BtYacc 3.0 -- Backtracking Yacc

Vadim Maslov <vadik@siber.com>
19 Jul 1999 01:24:36 -0400

From comp.compilers

Related articles
*BtYacc 3.0 -- Backtracking Yacc vadik@siber.com (Vadim Maslov)* (1999-07-19)**

| List of all articles for this month |

From:	Vadim Maslov <vadik@siber.com>
Newsgroups:	comp.compilers
Date:	19 Jul 1999 01:24:36 -0400
Organization:	Siber Systems
Keywords:	tools, yacc, parse, available

New 3.0 version of BtYacc is released.

You can download it for free from
http://www.siber.com/btyacc/ or
http://www.siber.org/btyacc.

The README file that explains what BtYacc is and how version 3.0
differs from prior versions is enclosed.

BTYACC -- backtracking yacc
===========================

BTYACC was created by Chris Dodd using ideas from many places and lots
of code from the Berkeley Yacc distribution, which is a public domain
yacc clone put together by the good folks at Berkeley. This code is
distributed with NO WARRANTEE and is public domain. It is certain to
contain bugs, which you should report to: chrisd@collins.com.

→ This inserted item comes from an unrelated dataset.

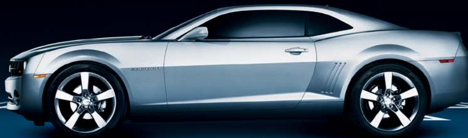
Camaro 1LT in Silver Ice Metallic. Shown with available RS Package and polished-aluminum wheels.

Some standard content may be deleted with fleet orders. See dealer for details.
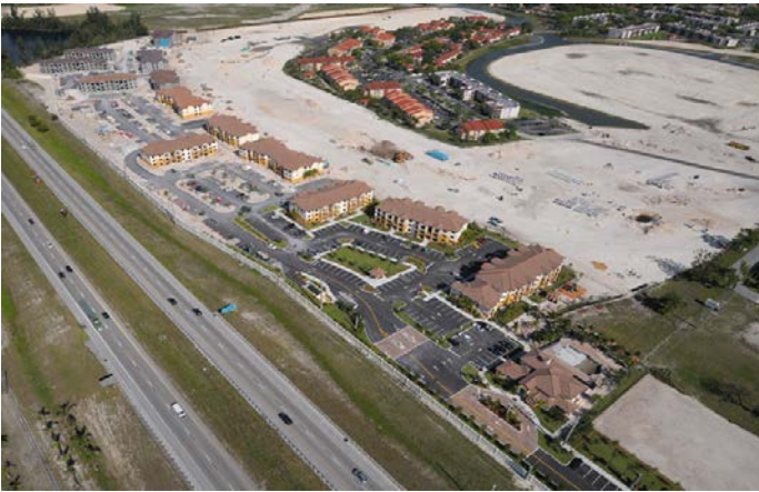
Above: Sorrento at Miramar (foreground) under construction on the ZF Brownfield Site (taken April 2012)

Prior to execution of the BSRA, site assessment had been conducted on the entire former Foxcroft Golf Course to determine the magnitude and extent of arsenic contamination in soil and groundwater pursuant to Chapter 62-780, Florida Administrative Code. The arsenic contamination stemmed from the application of herbicides on the former golf course. Groundwater contamination throughout the golf course was monitored for a period of one (1) year, and Broward County also approved a soil management strategy as a Remedial Action Plan.

Vadim Maslov of Siber Systems <vadik@siber.com> considerably modified
BTYACC to make it suitable for production environment.

Several people have suggested bug fixes that were incorporated into
BtYacc.

See the README.BYACC files for more about Berkeley Yacc and other
sources of info.

http://www.siber.com/btyacc/ is the current home of BtYacc. It is
provided courtesy of Siber Systems http://www.siber.com/.

Version 3.0 changes
-------------------
by Vadim Maslov

Changes mostly occurred in btyaccpa.ske file that contains the parsing
shift/reduce/backtrack algorithm.

Version 3.0 innovations focus on:
- text position computation and propagation,
- industrial-strength error processing and recovery.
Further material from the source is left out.